I will try to add the UNIX version also.

pritesh ranjan said...

hi thanks for a helpful post of blok recovery.plz clear me it is necessary to open the datafile in ultra edit mode after the tablespace offline to corrupt the block it cant be performed in open the datafile in note pad. i try your post step in note pad and facing the problem when again back the tablespace online.the error maintain below

sql>alter tablespace corrupt_ts online;
ERROR at line 1:
ORA-01157: cannot identify/lock data file 6 - see DBWR trace file
ORA-01110: data file 6: 'D:\ORACLE\PRODUCT\10.2.0\ORADATA\ORCL\CORRUPT01.DBF'.

plz clear me this error due to use of note pad rahter than ultra edit;
the use of ultra edit is must??

regards
pritesh ranjan
priteshranjan23@gmail.com

Asif Momen said...

@pritesh

You should use HexEditor to modify the datafile. Notepad is NOT an HexEditor. Use any HexEditor like UltraEdit.

Iresh said...

Thanks Asif .
I would like to know how to corrupt asm file if u have any article for that.

On Linux ASM setup i was able to copy file to ext3 file system and follow the same procedure, it worked :)
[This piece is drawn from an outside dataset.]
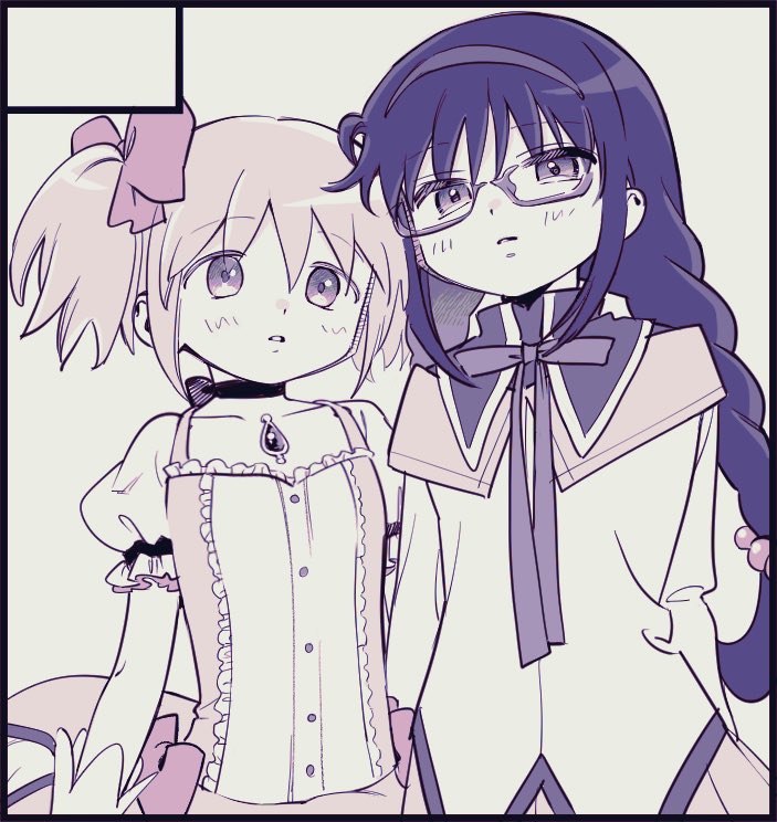 2girls akemi_homura akemi_homura_(magical_girl) black_border black_bow black_capelet black_choker black_gem border bow bow_choker bowtie braid bubble_skirt buttons capelet center_frills chest_jewel choker circle_cut collared_capelet commentary_request cowboy_shot dot_nose dress expressionless eyelashes frilled_dress frilled_sleeves frills gem glasses gloves grey_background grey_hairband hair_bobbles hair_bow hair_ornament hairband heads_together high_collar kaname_madoka kaname_madoka_(magical_girl) light_blush limited_palette long_hair long_sleeves low_twin_braids magical_girl mahou_shoujo_madoka_magica mahou_shoujo_madoka_magica_(anime) multiple_girls no+bi= parted_lips pink_bow pink_capelet pink_dress pink_eyes pink_hair pink_skirt pleated_skirt puffy_short_sleeves puffy_sleeves purple-framed_eyewear purple_bow purple_bowtie purple_eyes purple_hair short_dress short_hair short_sleeves short_twintails sidelocks simple_background skirt skirt_under_dress standing tareme twin_braids twintails two-tone_capelet very_long_hair waist_bow white_dress white_gloves white_skirt white_sleeves

But on windows i am facing problem to copy ASM file to local file system
error:
"ASMCMD [+data/guidb] > cp diffcrr01.dbf c:\\
ASMCMD-08010: no usr name is specified in remote instance connect_string->'c'"

Thanks in advance

Asif Momen said...

Iresh,

I did not test corrupting datafiles residing in ASM. But that should be straight forward. You copy the datafile to OS, modify, and copy back to ASM.

What version are you on???

Anonymous said...

I opened the data file using ultraedit & changed the block content from corrupt to norrupt. When I tried to save the file , i showed error message that file my be read only or used by another program or application. Save as with another name. What could be the reason for the error.? Please provide solution to save the corrupted dbf file using ultraedit.

Asif Momen said...

You have to place the tablespace in offline mode before making any modifications. Hope this helps.

Anonymous said...

Thanks for this article.
Even I got error
ERROR at line 1:
ORA-01157: cannot identify/lock data file 8 - see DBWR trace file
ORA-01110: data file 8: 'C:\MYDB\DATA\test.DBF'

Anonymous said...

Can you please tell me how you know the corruption is not already in the backed up file, I realise from your example it obviously isn't but how would you tell in a real situation.